**Aim of the exercise:**
Beginning with the line below that contains "3-žilový kulatý kabel" and ending with the line that contains "Riktigt najs byxor", copy every line exactly. Copy nothing else.

━━ Extracted entries ━━

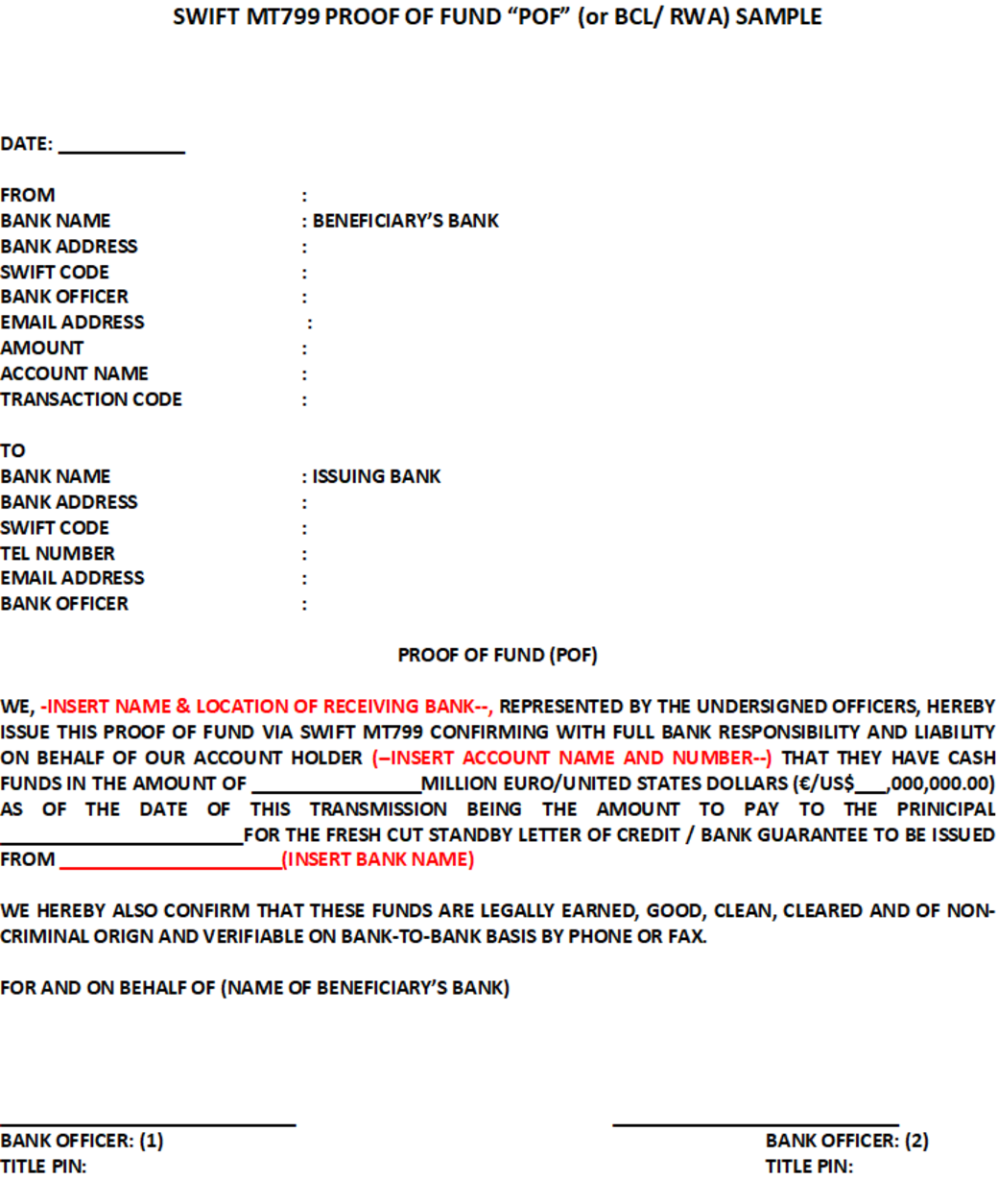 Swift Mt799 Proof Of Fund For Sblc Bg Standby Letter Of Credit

━━━
━━ Extracted entries ━━

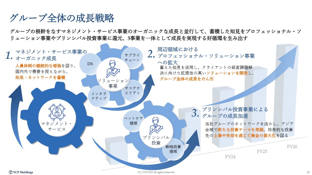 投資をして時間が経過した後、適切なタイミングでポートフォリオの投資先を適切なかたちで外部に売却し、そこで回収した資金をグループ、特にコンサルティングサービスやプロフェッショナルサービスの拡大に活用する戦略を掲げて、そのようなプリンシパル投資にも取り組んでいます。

━━━
━━ Extracted entries ━━

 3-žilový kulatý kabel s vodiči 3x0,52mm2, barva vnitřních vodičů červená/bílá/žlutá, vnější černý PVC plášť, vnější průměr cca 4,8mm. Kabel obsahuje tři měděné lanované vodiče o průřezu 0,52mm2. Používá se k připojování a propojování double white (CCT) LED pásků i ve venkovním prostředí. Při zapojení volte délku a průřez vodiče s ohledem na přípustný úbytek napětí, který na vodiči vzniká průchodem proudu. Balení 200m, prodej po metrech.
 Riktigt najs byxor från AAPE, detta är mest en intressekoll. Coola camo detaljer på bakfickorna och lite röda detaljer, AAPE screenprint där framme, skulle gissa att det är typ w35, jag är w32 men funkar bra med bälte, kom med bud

━━━

**Completed exercise:**
 3-žilový kulatý kabel s vodiči 3x0,52mm2, barva vnitřních vodičů červená/bílá/žlutá, vnější černý PVC plášť, vnější průměr cca 4,8mm. Kabel obsahuje tři měděné lanované vodiče o průřezu 0,52mm2. Používá se k připojování a propojování double white (CCT) LED pásků i ve venkovním prostředí. Při zapojení volte délku a průřez vodiče s ohledem na přípustný úbytek napětí, který na vodiči vzniká průchodem proudu. Balení 200m, prodej po metrech.
 Riktigt najs byxor från AAPE, detta är mest en intressekoll. Coola camo detaljer på bakfickorna och lite röda detaljer, AAPE screenprint där framme, skulle gissa att det är typ w35, jag är w32 men funkar bra med bälte, kom med bud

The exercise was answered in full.